A jolt propels the Bergen light rail train smoothly out the mouth of the Bergenline Avenue station and into the heart of the metropolis, Jersey City. The sun protrudes through the smoggy polluted air and intensely shines amongst thousands of blue collar workers and student passengers. Your senses, your wishes, your imagination starts to flash as you stare out the window into the material world. These modern trains slowly rock and bounce you from side to side. Each moving screenshot invites another to create an imaginary synopsis for a picture in motion. The windows panoramic view gives shape to an inner-city filled with one of the five elements of hip hop. Through the trail, artists have made their mark and plastered their tagger names on someone’s property.
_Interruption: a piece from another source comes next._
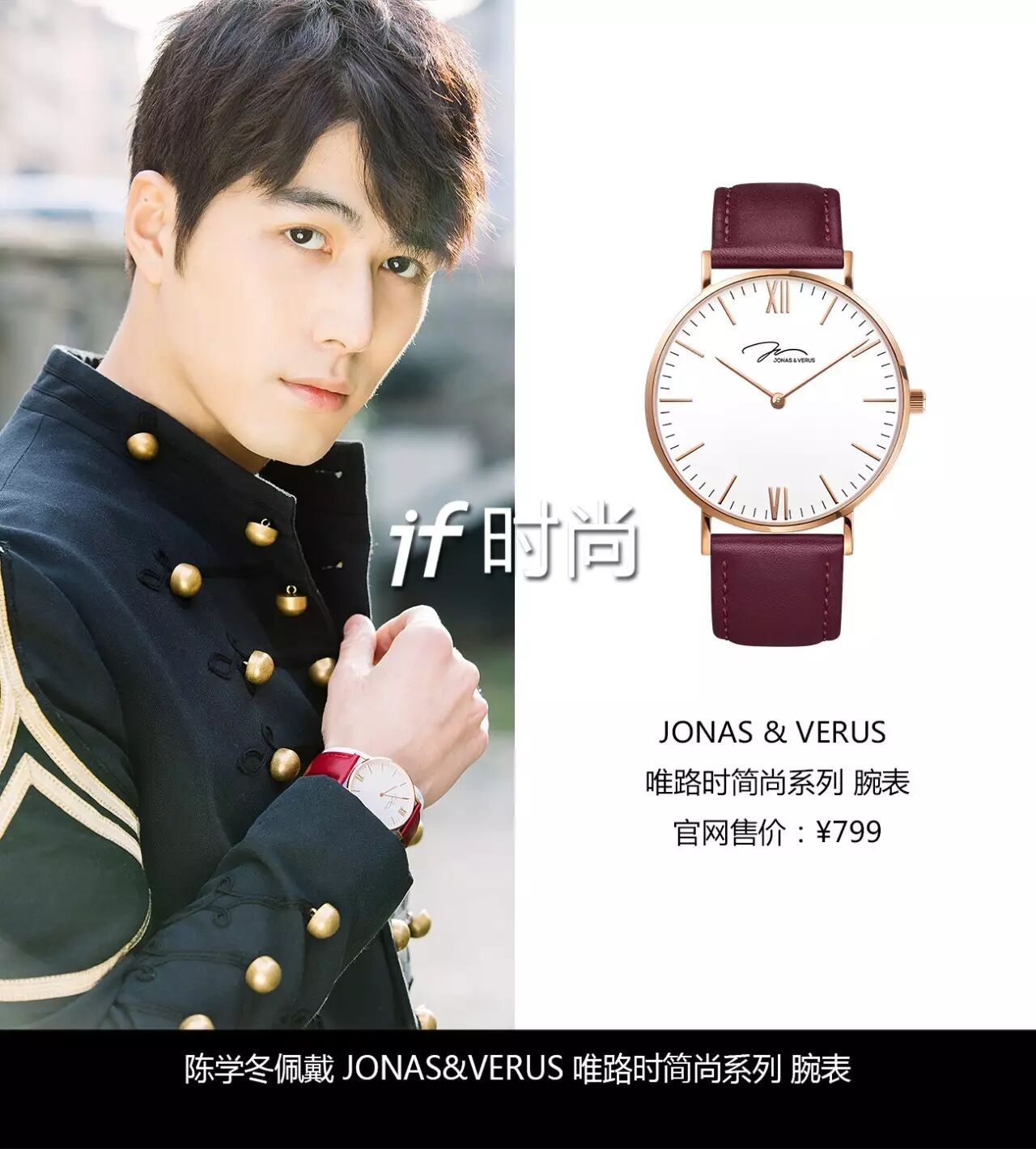 配上JONAS & VERUS 唯路时简尚系列腕表,红色表带为整套黑色军装造型增添了跳跃的活力。

The city does not wear art on its trains like the NY city 80’s graffiti era; now the trains are the front seat to the murals in Jersey City.

Memory is the film and your recollection of that painting surrounded by trees, vacant lots, and abandoned city sites, plays in your mind. Graffiti is a misunderstood art form that is captivated in an urban setting and portrayed in a translucent beauty to many artists. On the contrary, property owners seem to differ and struggle to erase these inner-city montages.

Graffiti has been painted and written since humankind first put markings on caves and stone hedges. The modern graffiti originated on the East Coast, particularly New York City and Philadelphia, during the early 1970s.The Mecca of the hip hop culture, New York created five elements to its movement, which included graffiti, DJing, break dancing (B-Boy B-girl), MCing, and knowledge.

In 1971, the street art form made its debut in Washington Heights, New York and the first writers of significance were TAKI, JULIO 204, FRANK 207, and JOE 136. Soon the term for putting up art was “bombing” and many artists began to bomb all over New York City. In the late 1980’s new graffiti forms began to evolve and new styles were being introduced. Artists developed intricate lettering formats with different scripts, calligraphic styles, leaning letters, cartoons, and throw up letters. In the Jekyll and Hyde era of the subway system, the ancient stainless steel trains were the moving murals that artists bombed from top to bottom. These trains were the veins of the big apple and the city that never slept was engulfed with a plethora of colors.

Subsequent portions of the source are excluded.